EXERCISE DATA:
^^^^^^^^^^^^^^^^
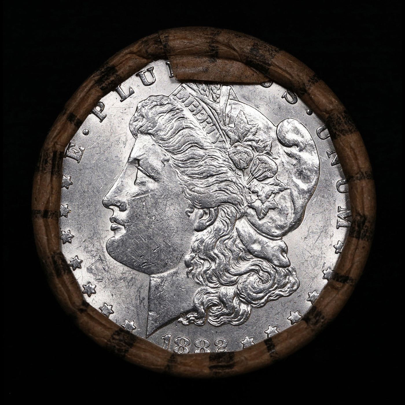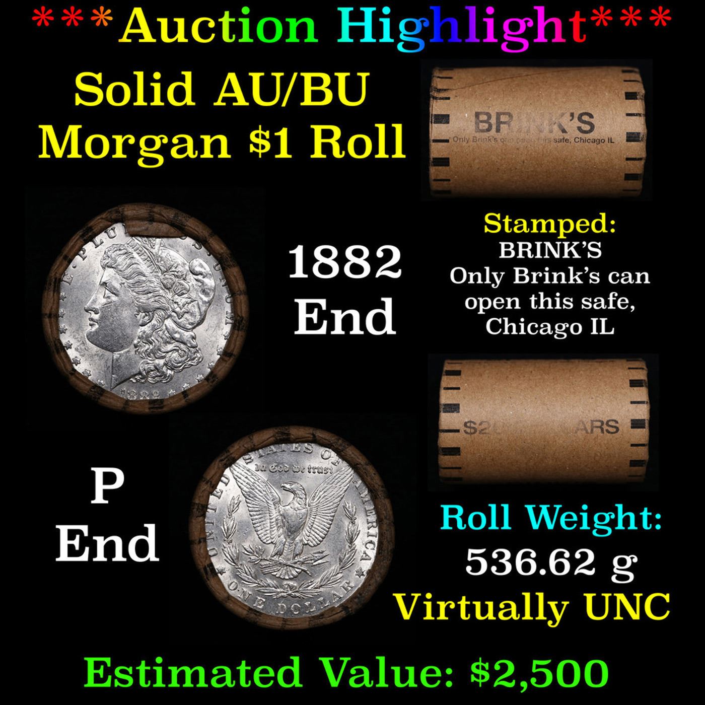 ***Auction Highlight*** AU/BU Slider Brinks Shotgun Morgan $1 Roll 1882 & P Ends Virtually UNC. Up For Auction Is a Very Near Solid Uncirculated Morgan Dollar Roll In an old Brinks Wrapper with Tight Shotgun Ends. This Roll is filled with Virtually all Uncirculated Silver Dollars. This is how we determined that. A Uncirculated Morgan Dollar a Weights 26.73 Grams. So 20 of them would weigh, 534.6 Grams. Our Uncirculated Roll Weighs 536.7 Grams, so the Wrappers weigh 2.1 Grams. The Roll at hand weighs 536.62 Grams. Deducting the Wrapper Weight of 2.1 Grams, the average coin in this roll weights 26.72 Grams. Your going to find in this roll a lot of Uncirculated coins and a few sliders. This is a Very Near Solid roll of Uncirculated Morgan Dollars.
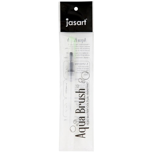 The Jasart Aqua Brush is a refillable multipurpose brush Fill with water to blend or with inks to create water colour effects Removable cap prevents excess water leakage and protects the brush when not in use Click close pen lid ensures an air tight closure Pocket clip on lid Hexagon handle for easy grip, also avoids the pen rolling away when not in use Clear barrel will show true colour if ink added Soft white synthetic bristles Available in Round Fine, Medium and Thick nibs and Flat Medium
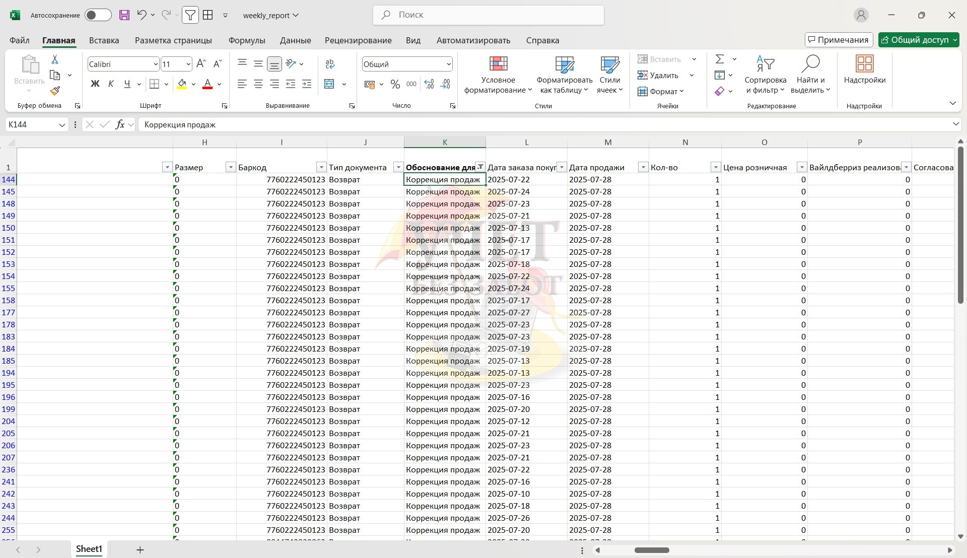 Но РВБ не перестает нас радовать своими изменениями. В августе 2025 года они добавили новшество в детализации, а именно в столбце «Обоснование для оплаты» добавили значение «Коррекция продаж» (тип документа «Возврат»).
^^^^^^^^^^^^^^^^
PROBLEM TO SOLVE:
Could the material above be given again exactly, pictures excluded?

TASK RESULT:
 ***Auction Highlight*** AU/BU Slider Brinks Shotgun Morgan $1 Roll 1882 & P Ends Virtually UNC. Up For Auction Is a Very Near Solid Uncirculated Morgan Dollar Roll In an old Brinks Wrapper with Tight Shotgun Ends. This Roll is filled with Virtually all Uncirculated Silver Dollars. This is how we determined that. A Uncirculated Morgan Dollar a Weights 26.73 Grams. So 20 of them would weigh, 534.6 Grams. Our Uncirculated Roll Weighs 536.7 Grams, so the Wrappers weigh 2.1 Grams. The Roll at hand weighs 536.62 Grams. Deducting the Wrapper Weight of 2.1 Grams, the average coin in this roll weights 26.72 Grams. Your going to find in this roll a lot of Uncirculated coins and a few sliders. This is a Very Near Solid roll of Uncirculated Morgan Dollars.
 The Jasart Aqua Brush is a refillable multipurpose brush Fill with water to blend or with inks to create water colour effects Removable cap prevents excess water leakage and protects the brush when not in use Click close pen lid ensures an air tight closure Pocket clip on lid Hexagon handle for easy grip, also avoids the pen rolling away when not in use Clear barrel will show true colour if ink added Soft white synthetic bristles Available in Round Fine, Medium and Thick nibs and Flat Medium
 Но РВБ не перестает нас радовать своими изменениями. В августе 2025 года они добавили новшество в детализации, а именно в столбце «Обоснование для оплаты» добавили значение «Коррекция продаж» (тип документа «Возврат»).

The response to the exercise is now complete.